Autora : Doris Sánchez


He pasado  tiempos turbulentos en los que la paz emocional y espiritual parece  no estar estando, he sentido tantas sensaciones  que mi cuerpo se siente renovado y experimentado porque toda situación deja su recompensa o al menos experiencia.  Me pregunto muchas veces cuál será el objeto de mi vida y llego a la conclusión que es seguir creyendo en mí misma, en mis ideales y convicciones, en mi capacidad de superar todo lo que se me ponga delante y como guerrera librar cada batalla dando lo mejor de mi persona y principios bien inculcados.  Me pregunto lo que estará pensando en estos momentos cualquier persona de  distintos estratos sociales,  en cualquier ciudad o país del mundo y no tengo ni  la menor idea,  pero sí que conozco lo que estoy pensando y hacia donde deseo se deje ver la luz que siempre será al final del túnel,  y que no es siempre donde se encienden  las luces de  mi mente.  Espero una respuesta y ese día llegará y cuando así sea, con toda seguridad lo podré compartir porque soy creyente y cada día de mi vida lo dejo en manos de Dios aunque he de confesar que a veces me desespera la impaciencia y tenga intenciones de resolverlo por cuenta propia.  Paciencia es una palabra que me encanta y de la que todavía me queda  todavía tanto por aprender.

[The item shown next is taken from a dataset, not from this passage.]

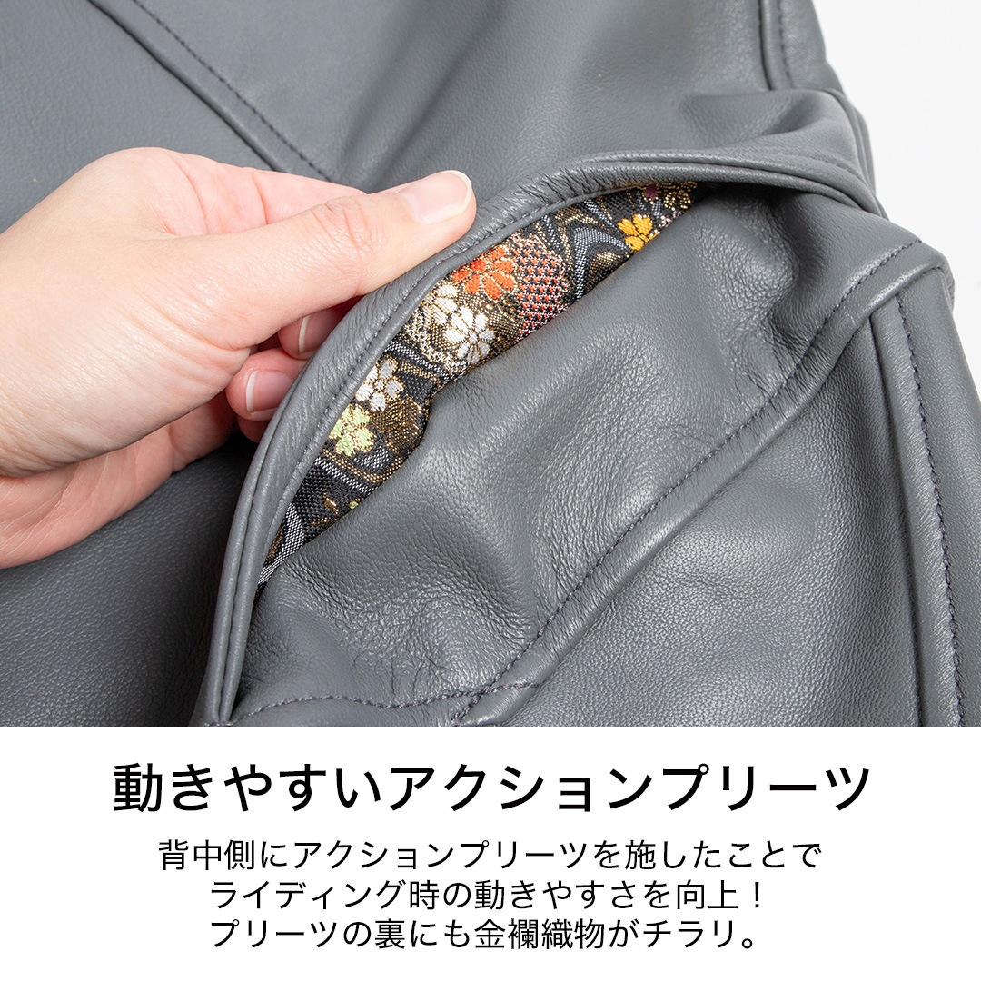 背中側にアクションプリーツを採用することで、ライディング姿勢もラクラク。金襴織物がちらりと覗く。

Reconozco que no hay mal que dure cien años ni cuerpo que lo resista, tengo la vida y eso ya es mucho, cuando respiro lo valoro y si me falta el aire me apresuro a coger una bocanada que me dure lo necesario según la capacidad de mis pulmones.  Si el dinero no hace la felicidad, igual el recibir afecto de los que te rodean te puede cambiar la vida, por eso adoro los abrazos y jamás me he negado a ellos sobre todo cuando se hace de corazón, a veces no lo digo pero  de lo que soy que es poco lo agradezco a personas que me impregnan con la fragancia del buen perfume  haciendo feliz a  mi corazón y les permite adentrarse en el fondo mismo de mi corazón para conocerme mejor y descubrir aquellos secretos que a veces me resisto a dar a conocer y cuando lo hago al menos compruebo que todavía queda gente pendiente de los demás, gracias del alma.